A workflow like interface enables the user to design complex spatial analysis processes onscreen and combines task design and actual processing in an ideal way. The Graphical User Interface (GUI) can be addressed as a visual programming environment.
Workflow applications can be built upon a set of 20 universal GIS operations that work independent of data structure and are therefore able to deal with different data types (raster, vector).
The design necessary to realize truly hybrid high level operators is outlined and a step towards specifying interfaces of these operators is made.
To develop hybrid control mechanisms, the semantics of the data have to be considered because raster data may describe raw satellite imagery, interpreted raster data, terrain models etc. Depending on the semantic of input data hybrid operators have to be able to perform different operations.
At the highest level of abstraction, the users perception, a reasonable control can only be realized through the use of metadata. A concept for metadata management is offered distinguishing between metadata for data and metadata for operators.
Finally the hybrid analysis capabilities of the universal operators are analyzed and requirements for their technical realization are depicted.
1 Introduction
GIS or environmental analysis tasks are specific to Information Communities. They are often well defined and raise unique spatial questions. All spatial data analysis systems, including image processing and GIS offer a large amount of algorithms and analytical operations to solve spatial problems. For non-experts, this variety as well as the complexity of operations to perform which is mostly technical in nature impedes fast digital solutions.

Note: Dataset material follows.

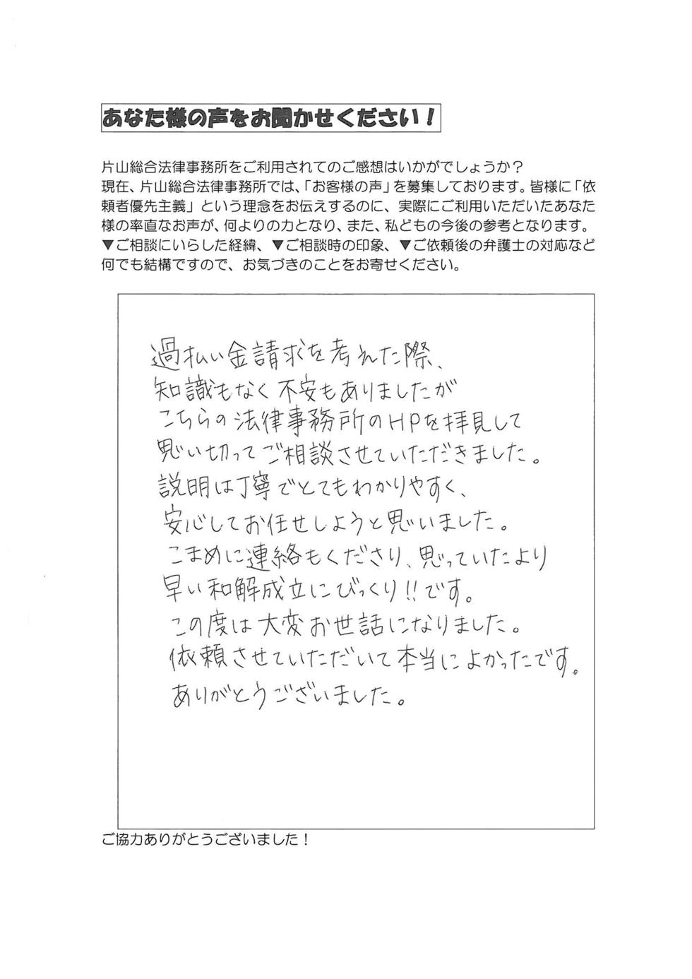 初めての法律事務所ですごく緊張(不安)しておりましたが、片山先生の親切でわかりやすい説明を聞き、お願いしようと思いました。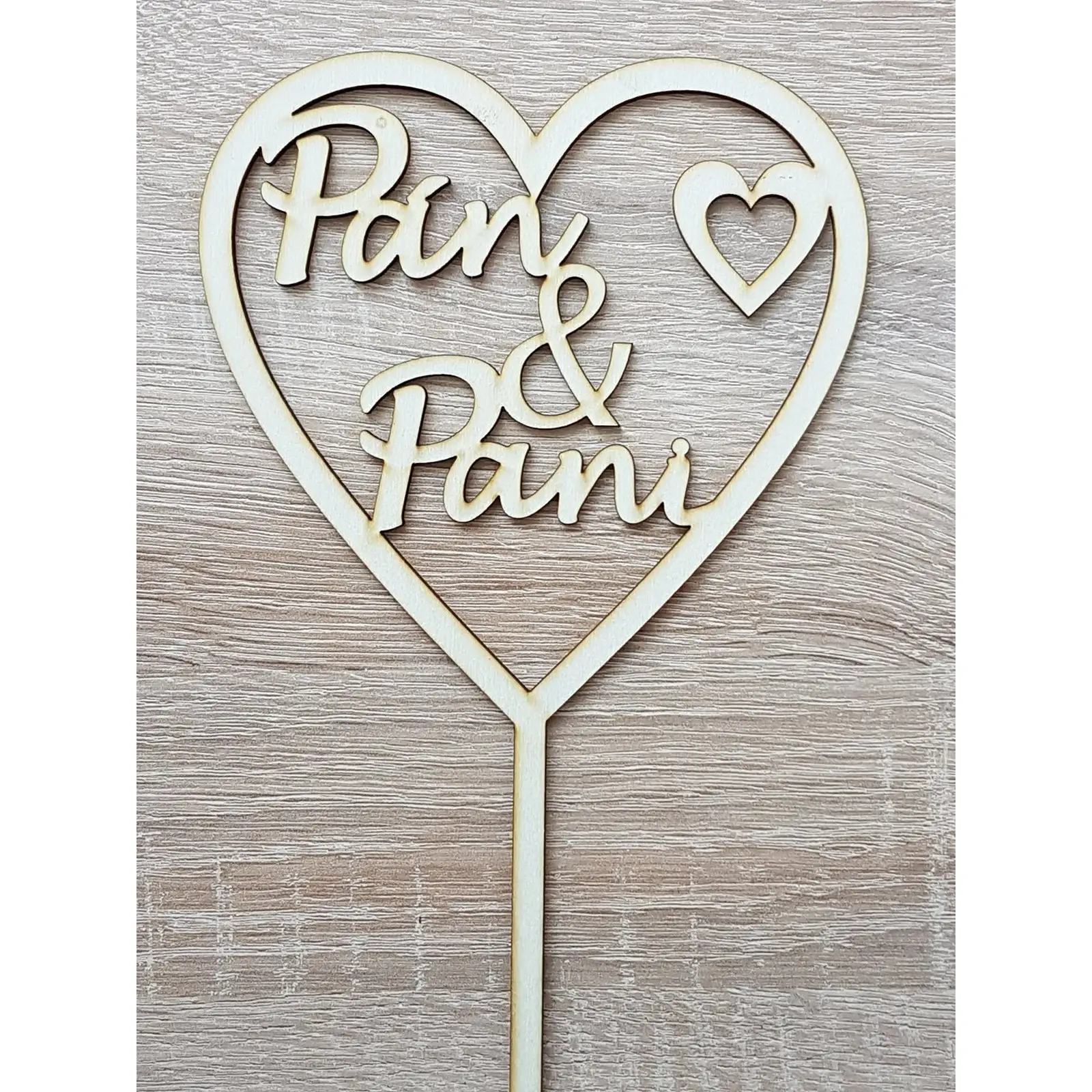 Svadobná torta je jedným z vrcholov svadobného dňa a zaslúži si výnimočnú pozornosť. Drevený zápich s nápisom „Pán a Pani“ je elegantným a štýlovým doplnkom, ktorý dodá vašej torte osobitý charakter.

Necessary system decisions, different data formats, data structures, and data models as well as lack of compatibility are additional drawbacks to GIS employment for different kinds of spatially related tasks. On the other hand, a broad technical toolbox is wanted that is capable of supplying full functionality for a wide range of freely defined problems.
Consequently there are strong demands to design operators closer to the user, but still universal, which means independent of the Information Community, who wants to use them.
Embedded in a flowchart based Graphical User Interface (GUI) a set of 20 universal GIS operations has been created to fill the gap between the great variety in analytical GIS functions and their usability. This solution addresses several aspects necessary to guarantee the ease-of-use of an analytical GIS-Tool (Virtual GIS or VGIS)  (Albrecht 1996, 1997). A major step towards the construction of a truly hybrid (i.e. integrated) analysis tool is the hierarchically structured operator design containing approaches towards a hybrid analysis.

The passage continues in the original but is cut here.